Task requirements:
Every line of the material needs an exact copy, apart from the images.

Recorded data:
###
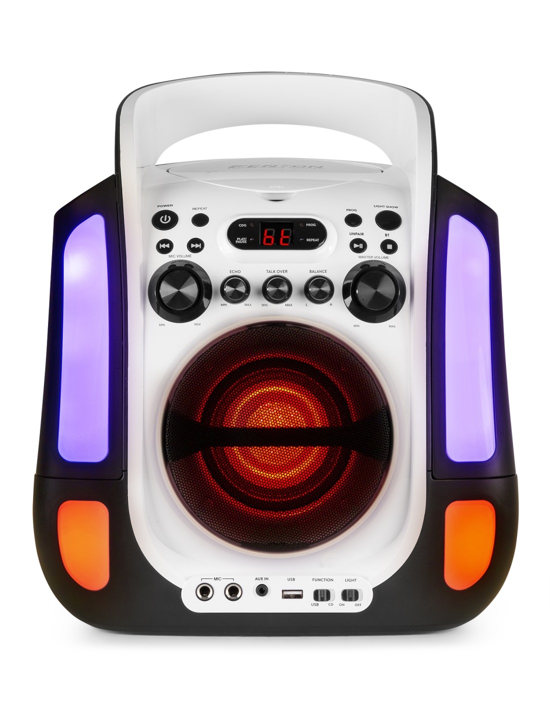 El sistema karaoke SBS30 es totalmente portátil y con efectos de luces. El control de echo digital hará que tu voz este en tono y suene más profesional. El control Auto Voice Control (AVC) ayuda a aprender rápidamente el tono de la canción y se convierte en tu ayudante si te olvidas de la letra. El SBS30 está equipado con tecnología BT para hacer streaming de tu música favorita además de un reproductor CD y conexión USB. Se puede conectar esta unidad a una pantalla de TV o proyector por la salida de video de la parte trasera, y si necesitas más potencia puedes conectar la unidad a un amplificador HiFi o etapa de potencia. Incluye 2 micrófonos (con cable) con función echo para completar tu fiesta karaoke.
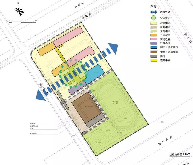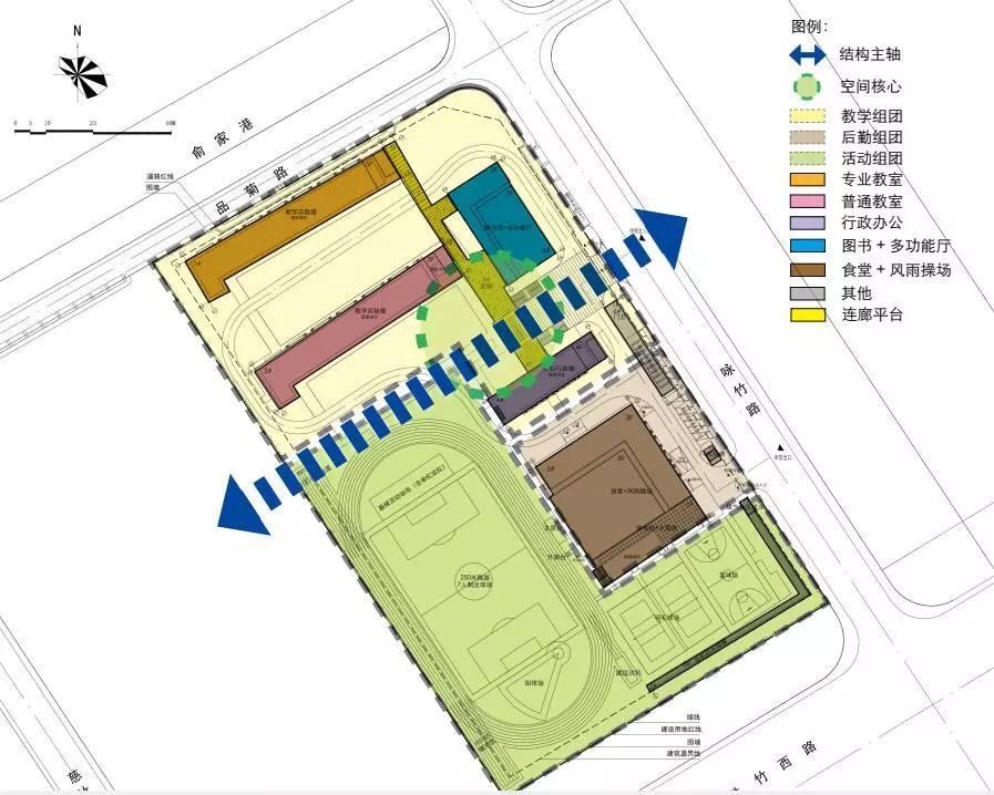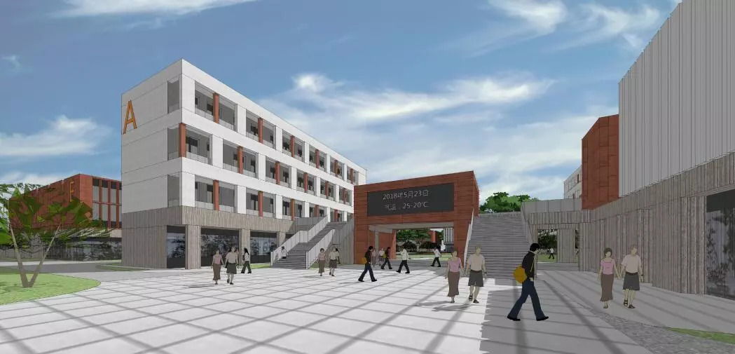 主要建筑物包括:两栋教学实验楼(5 层)、一栋行政办公楼(4 层)、一栋图书馆多功能厅(2 层)、风雨操场和一栋食堂(3 层)。
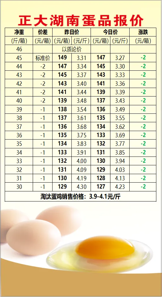 2026年3月3日正大湖南鸡蛋价格行情 养羊网 2026-03-03 2026年3月3日正大湖南鸡蛋价格行情合作请联系我们?了解最新蛋价行情,请关注正大湖南蛋品报价平台。 养羊网 2026-03-03 上一篇:【猪价大预测】2026年2026年3月5日~3月7日!!全国猪价! 下一篇:一夜“跳水”,猪价下跌“六亲不认”!附:3月4日猪价 您可能还会对下面的文章感兴趣111: 相关文章 养西高地幼犬一月好物分享 鸡蛋比前几天价格又低了,3.99元/斤。 我买别人卤好的羊蹄子 羊羔袋合集(●'?'●)
###
Result below:
 El sistema karaoke SBS30 es totalmente portátil y con efectos de luces. El control de echo digital hará que tu voz este en tono y suene más profesional. El control Auto Voice Control (AVC) ayuda a aprender rápidamente el tono de la canción y se convierte en tu ayudante si te olvidas de la letra. El SBS30 está equipado con tecnología BT para hacer streaming de tu música favorita además de un reproductor CD y conexión USB. Se puede conectar esta unidad a una pantalla de TV o proyector por la salida de video de la parte trasera, y si necesitas más potencia puedes conectar la unidad a un amplificador HiFi o etapa de potencia. Incluye 2 micrófonos (con cable) con función echo para completar tu fiesta karaoke.
 主要建筑物包括:两栋教学实验楼(5 层)、一栋行政办公楼(4 层)、一栋图书馆多功能厅(2 层)、风雨操场和一栋食堂(3 层)。
 2026年3月3日正大湖南鸡蛋价格行情 养羊网 2026-03-03 2026年3月3日正大湖南鸡蛋价格行情合作请联系我们?了解最新蛋价行情,请关注正大湖南蛋品报价平台。 养羊网 2026-03-03 上一篇:【猪价大预测】2026年2026年3月5日~3月7日!!全国猪价! 下一篇:一夜“跳水”,猪价下跌“六亲不认”!附:3月4日猪价 您可能还会对下面的文章感兴趣111: 相关文章 养西高地幼犬一月好物分享 鸡蛋比前几天价格又低了,3.99元/斤。 我买别人卤好的羊蹄子 羊羔袋合集(●'?'●)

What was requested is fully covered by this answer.